(ACTIVITY): From the line that contains "- Placas de" down to the final line below, please repeat each line exactly and nothing more, with no pictures.

(PROVIDED DATA):
....................

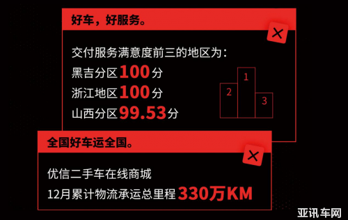 據(jù)了解,優(yōu)信12月啟動(dòng)“飛行交付“服務(wù),促進(jìn)二手車交付進(jìn)縣進(jìn)鄉(xiāng),實(shí)現(xiàn)”本地下單、本地上牌“,這一服務(wù)因耗時(shí)長(zhǎng),流程繁瑣,消耗的人力時(shí)間成本較高,一般的4S店很少承接這部分工作,或者需要高昂的服務(wù)費(fèi)用,但是優(yōu)信以100個(gè)中心城市為原點(diǎn),交付范圍覆蓋方圓500公里的縣、鄉(xiāng)、鎮(zhèn),真正實(shí)現(xiàn)一條龍服務(wù),讓小鎮(zhèn)青年享受到收快遞式的買車體驗(yàn)。其中率先體驗(yàn)飛行交付的黑吉分區(qū)因幫助客戶到鄉(xiāng)鎮(zhèn)上牌、落戶等服務(wù),被客戶評(píng)價(jià)為交付服務(wù)滿意度第一。
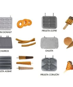 - Placas de cocción intercambiables. Se venden a parte, ya que la gofrera trae 1 ud.
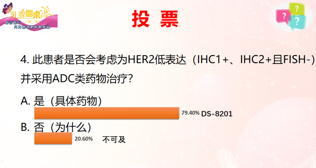 殷咏梅教授:此患者是否会考虑为HER2低表达(IHC1+、IHC2+且FISH-)并采用ADC类药物治疗?

....................

(TASK ANSWER):
 - Placas de cocción intercambiables. Se venden a parte, ya que la gofrera trae 1 ud.
 殷咏梅教授:此患者是否会考虑为HER2低表达(IHC1+、IHC2+且FISH-)并采用ADC类药物治疗?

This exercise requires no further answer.